**Your objective**: Restate every record word for word, without the pictures.

*** Opening of The data ***

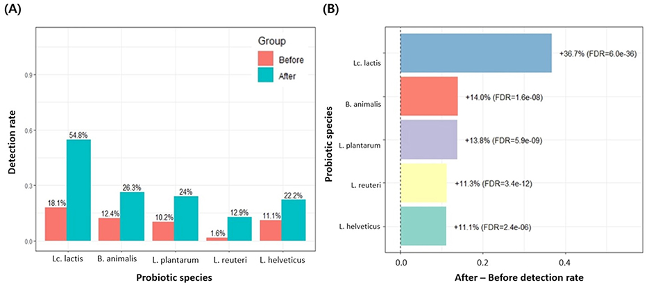 Figure 5. Detection rates of probiotic species with significant changes after intake (FDR < 0.05). (A) Among the 19 MFDS-listed probiotic species, only those showing a significant difference in detection rates between the before and after groups (FDR-adjusted p < 0.05) are presented. Bars indicate the detection rate (proportion of participants in whom each species was detected) in the before and after groups, and numeric labels above the bars represent the corresponding percentages. Lc. lactis, B. animalis, L. plantarum, L. reuteri, and L. helveticus all showed significantly higher detection rates after probiotic intake. (B) Among the 19 probiotic species, only those with a significant difference between the before and after groups (FDR < 0.05 in Supplementary Figure 1) are shown. The x-axis represents the change in detection rate (After–Before), where positive values indicate an increase after intake. Numerical labels next to each bar show the percent increase and the corresponding FDR-adjusted p-value. The vertical dashed line at 0 indicates no change.
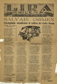 Salvaje crimen : extrangulado encontraron el cadáver del chofer Arenas. [Santiago, Chile] : [Editor no identificado], [1947?] ([Santiago] : Imprenta Varela) 1 hoja : ilustraciones ; 39 x 27 cm. .
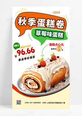 暖色渐变秋季蛋糕卷草莓味蛋糕蛋糕海报海报
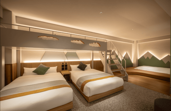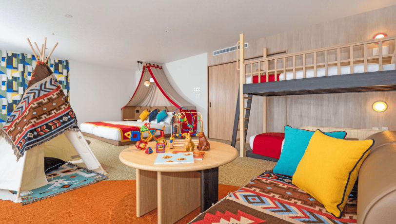 例えば、子供の背丈に合わせた洗面台や、キャンプ気分を味わえる二段ベッド付きの客室など、滞在そのものが一つの冒険になるような工夫が凝らされています。
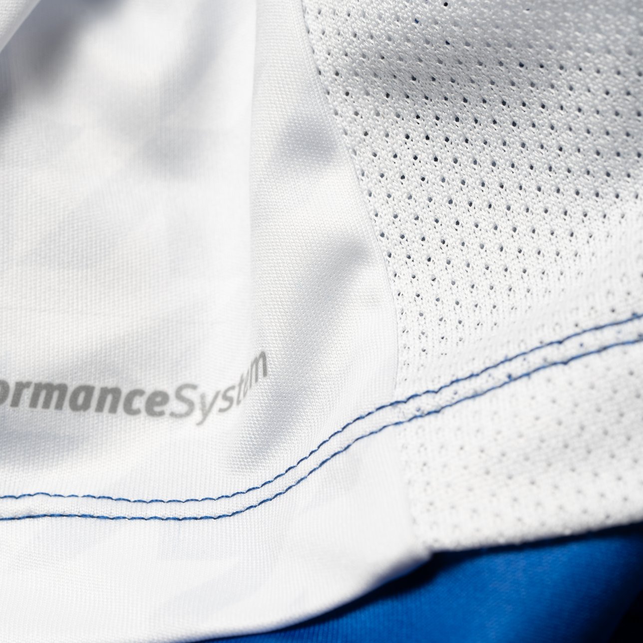 The kit includes a collar and the shorts continue the theme present in the shirt with a blue bulk and a white trim, with the socks mainly blue with white detail.
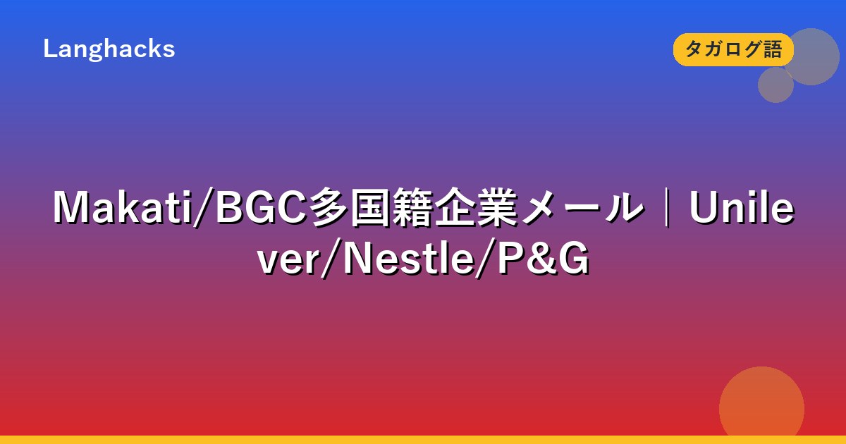 Makati/BGC多国籍企業メールはフィリピンの欧米系・アジア系本社主導企業向け作法です。

*** Close of The data ***

**Worked solution**:
 Figure 5. Detection rates of probiotic species with significant changes after intake (FDR < 0.05). (A) Among the 19 MFDS-listed probiotic species, only those showing a significant difference in detection rates between the before and after groups (FDR-adjusted p < 0.05) are presented. Bars indicate the detection rate (proportion of participants in whom each species was detected) in the before and after groups, and numeric labels above the bars represent the corresponding percentages. Lc. lactis, B. animalis, L. plantarum, L. reuteri, and L. helveticus all showed significantly higher detection rates after probiotic intake. (B) Among the 19 probiotic species, only those with a significant difference between the before and after groups (FDR < 0.05 in Supplementary Figure 1) are shown. The x-axis represents the change in detection rate (After–Before), where positive values indicate an increase after intake. Numerical labels next to each bar show the percent increase and the corresponding FDR-adjusted p-value. The vertical dashed line at 0 indicates no change.
 Salvaje crimen : extrangulado encontraron el cadáver del chofer Arenas. [Santiago, Chile] : [Editor no identificado], [1947?] ([Santiago] : Imprenta Varela) 1 hoja : ilustraciones ; 39 x 27 cm. .
 暖色渐变秋季蛋糕卷草莓味蛋糕蛋糕海报海报
 例えば、子供の背丈に合わせた洗面台や、キャンプ気分を味わえる二段ベッド付きの客室など、滞在そのものが一つの冒険になるような工夫が凝らされています。
 The kit includes a collar and the shorts continue the theme present in the shirt with a blue bulk and a white trim, with the socks mainly blue with white detail.
 Makati/BGC多国籍企業メールはフィリピンの欧米系・アジア系本社主導企業向け作法です。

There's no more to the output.